Task instructions: Produce a word-for-word copy of the line that contains "Faux fur sandals." and each line after it through the end of the material, omitting pictures and all other lines.

Exercise data:
•••

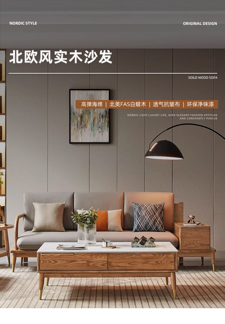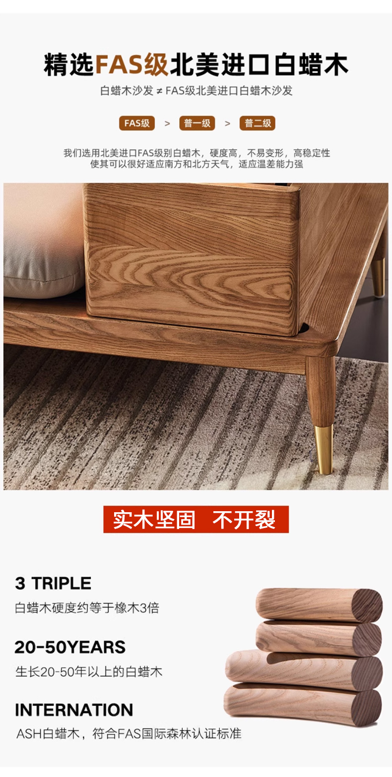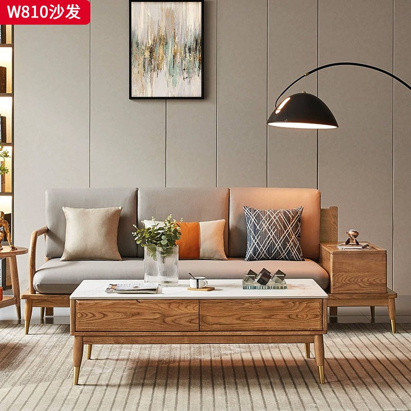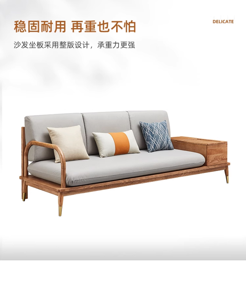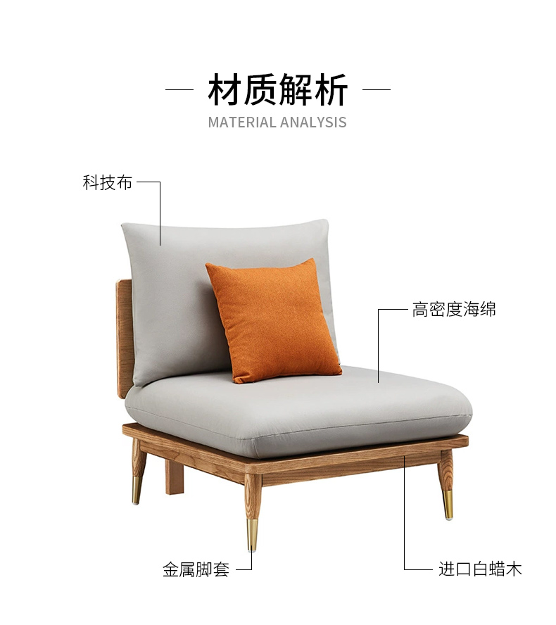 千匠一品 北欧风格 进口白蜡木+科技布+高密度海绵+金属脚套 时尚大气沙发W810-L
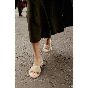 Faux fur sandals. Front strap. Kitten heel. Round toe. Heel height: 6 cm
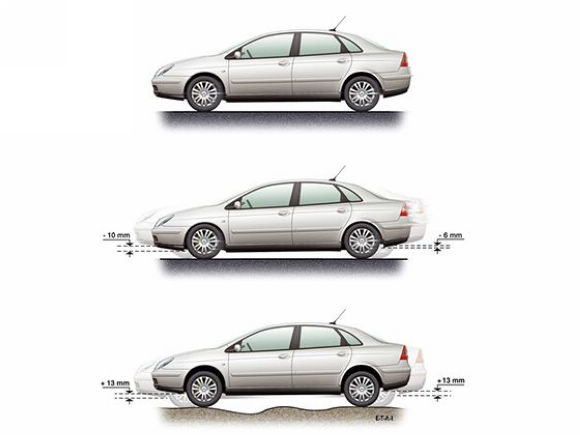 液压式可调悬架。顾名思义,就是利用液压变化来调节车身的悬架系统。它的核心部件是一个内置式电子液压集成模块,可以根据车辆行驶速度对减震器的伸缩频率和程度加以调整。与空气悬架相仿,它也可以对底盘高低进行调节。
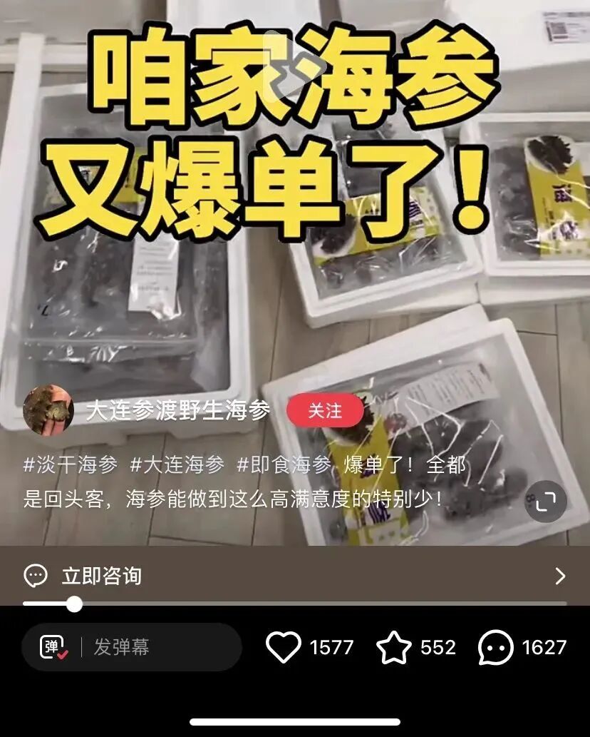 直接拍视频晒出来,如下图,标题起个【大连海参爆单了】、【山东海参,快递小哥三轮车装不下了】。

•••

Task response:
 Faux fur sandals. Front strap. Kitten heel. Round toe. Heel height: 6 cm
 液压式可调悬架。顾名思义,就是利用液压变化来调节车身的悬架系统。它的核心部件是一个内置式电子液压集成模块,可以根据车辆行驶速度对减震器的伸缩频率和程度加以调整。与空气悬架相仿,它也可以对底盘高低进行调节。
 直接拍视频晒出来,如下图,标题起个【大连海参爆单了】、【山东海参,快递小哥三轮车装不下了】。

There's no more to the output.